Dynamic Facilitation
Summary:
Dynamic Facilitation is an energy-based way of facilitating where people address difficult issues creatively and collaboratively, achieving breakthrough results. It creates a process of talking and thinking that builds mutual respect, trust and the sense of community.
The dynamic facilitator seeks to establish a 'zone' of thinking and talking known as 'choice-creating.' Choice-creating is similar to dialogue in that it is transformational, and similar to deliberation because groups reach thoughtful conclusions. It is engaging to people, like when people face a collective crisis and pull together to creatively overcome it.
The dynamic facilitator plays an active role, helping people to follow their heart more than a preexisting agenda. He or she helps them determine an issue they really care about, whether it seems solvable or not. Then she helps them to say what is on their minds, what they really mean, in a way that all can hear and are respectful. To do this and to help the group bring meaning to what they are saying she uses four flip charts-lists of Solutions, Problem-statements, Data, and Concerns. A fifth chart of Decisions is added as group conclusions emerge.
The dynamic facilitator helps foster shifts of heart and mind by following the natural flow of conversation and supporting group spontaneity. Sometimes these shifts take the form of new ideas, other times they bring a new sense of what the 'real problem' is, and other times yet, there is a change of heart.
How is it different?
The best and fastest way for a group of people to solve a tough problem or to reach consensus is to have a breakthrough. When this happens, the results are exceptional and each person feels involved, knows what to do, and is committed to the group's result. The process builds individual skills, empowerment, trust, and the spirit of community.
Most meeting facilitation processes limit this possibility. Traditional facilitation, for instance, asks people to work only on issues that are possible to solve, to mute their passion in favor of rationality, to break big problems into smaller ones, and to proceed step by step down a logical path. It depends on extrinsic factors like goals, objectives, agendas, and guidelines of behavior to preserve order and make progress.
Dynamic Facilitation is more oriented toward intrinsic factors, like how much people care about the issue at hand, or how excited they are about a particular idea.
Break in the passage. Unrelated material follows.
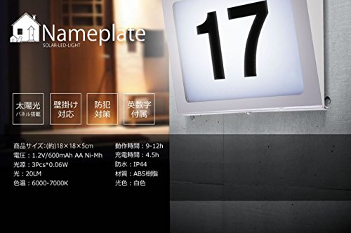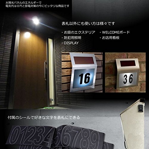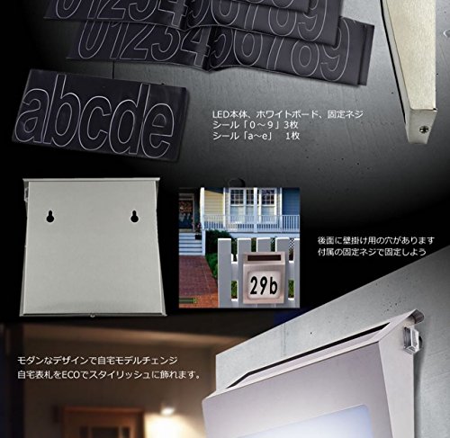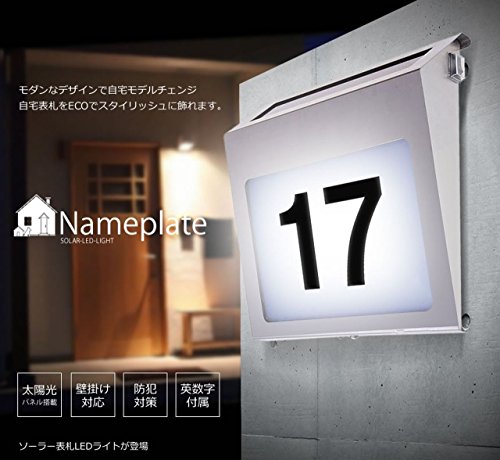COM-SHOT 【 電気代 0円 】 光る ネーム プレート 防水 LED 太陽光 パネル 搭載 デザイン ライト おしゃれ 玄関 防犯 ホワイト MI-NAMEPL

It proceeds dynamically, going with the flow rather than trying to manage it. It is like dialogue in that people open-mindedly and open-heartedly explore topics, but it is different because people address specific problems and reach specific conclusions. Also, this process is not dependent on the skills of individuals. That helps, of course, but more important with Dynamic Facilitation are the skills of the facilitator. He or she plays an active role, assuring a high quality of talking and thinking even when people have limited communication skills.
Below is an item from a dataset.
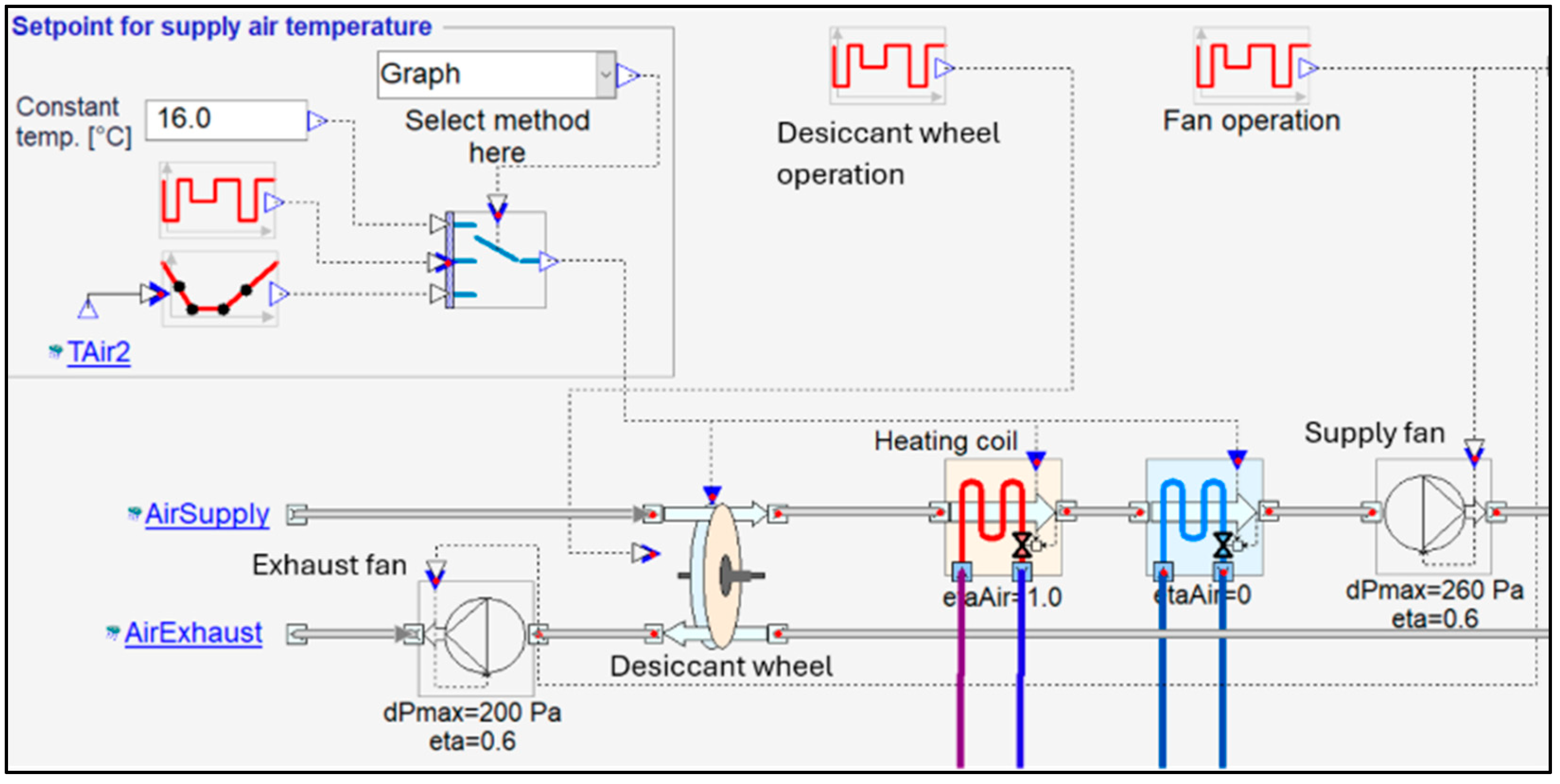 A sample schematic of the air handling unit defined in IDA ICE 4.8 for Variant 3 is shown in Figure 11. For all variants, the supply and exhaust fans were assigned the same pressure based on the design of the ice rink ventilation system. The fan efficiency was also assumed to be identical across all variants, so that the Specific Fan Power (SFP) did not exceed the maximum allowable values specified in the Polish regulations [23]. In IDA ICE 4.8, the fan efficiency was set at 60%, and this was accounted for in the calculations. Differences in the average energy consumption of the fans due to varying air volume flow rates between variants amount to a maximum of 16% of the fan energy, which corresponds to approximately 0.5% of the total energy consumption for the analysed variants. This difference was included in the IDA ICE 4.8 calculations; however, it was not further discussed in the analysis, as it does not affect the overall results of the study. The values of fan pressure, efficiency of the supply and exhaust fans, and their SFP values are presented in Table 2.

In an email to the NCDD discussion list, Rosa Zubizaretta said this about Dynamic Facilitation:
Our culture tends to believe that when we are needing to deal with practical things, we must shift into a linear mindset in order to be effective. We have found that this is simply not true. Groups can actually achieve much more when they are working creatively and in a non-linear way. While opening the doors to the greater complexity inherent in any situation does make for slower going at first, the eventual outcomes are much more powerful when they emerge naturally as "shared aha's" rather than as negotiated decisions.
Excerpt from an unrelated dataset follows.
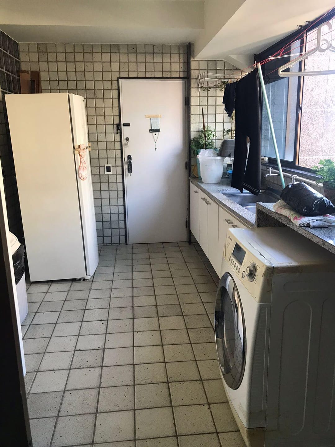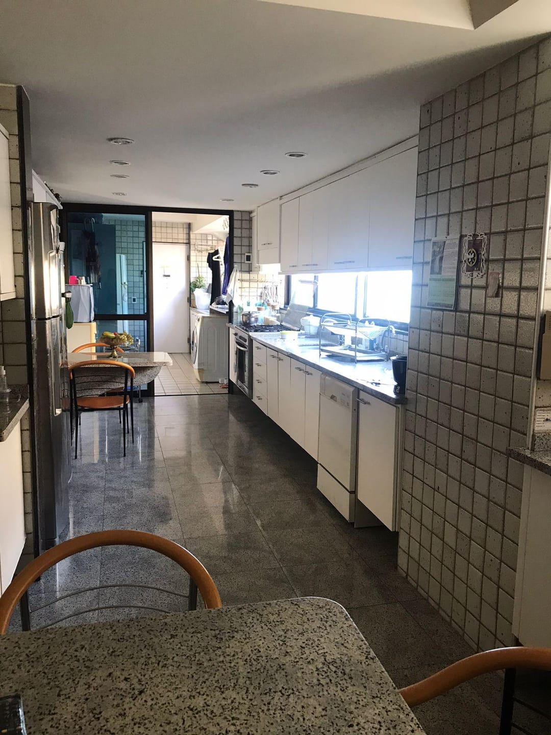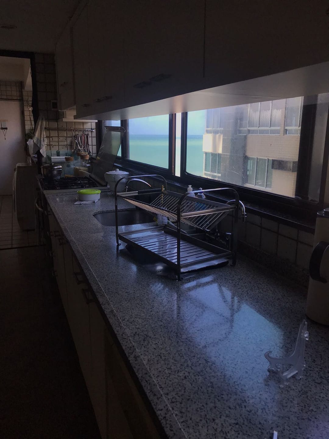 Cozinha grande com área de serviço completa com vista para o mar de todo o espaço.

When is Dynamic Facilitation most successful or appropriate?
Dynamic Facilitation is especially valuable when people face really important, complex, strategic, or seemingly impossible-to-solve issues, when there is a conflict, or when people seek to build teamwork or community. It's a way to spark ongoing dialogue, systems understandings, trust, wisdom, and to generate the spirit of involvement.
Dynamic Facilitation is especially appropriate in groups where people speak for themselves, when no one is a representative or is playing an assigned role. It's for when people care about problems, rather than just working on assigned tasks. Dynamic Facilitation is particularly valuable for 'Wisdom Councils,' a new large-system transformation strategy.
Background
Dynamic Facilitation was developed by Jim Rough in the early 1980's, consulting with mill workers in Northern California. The name, 'Dynamic Facilitation' is trademarked by Jim Rough and Associates, Inc. Dynamic Facilitation laid the foundation for another social innovation, the Wisdom Council, which is a way to dynamically facilitate large systems of people.
In order to make Dynamic Facilitation and the Wisdom Council widely available, Jim co-founded the Center for Wise Democratic Processes with DeAnna Martin and Jean Rough. The Center is a 501(c)3 non-profit which offers educational support for those wishing to use these approaches in the public sphere.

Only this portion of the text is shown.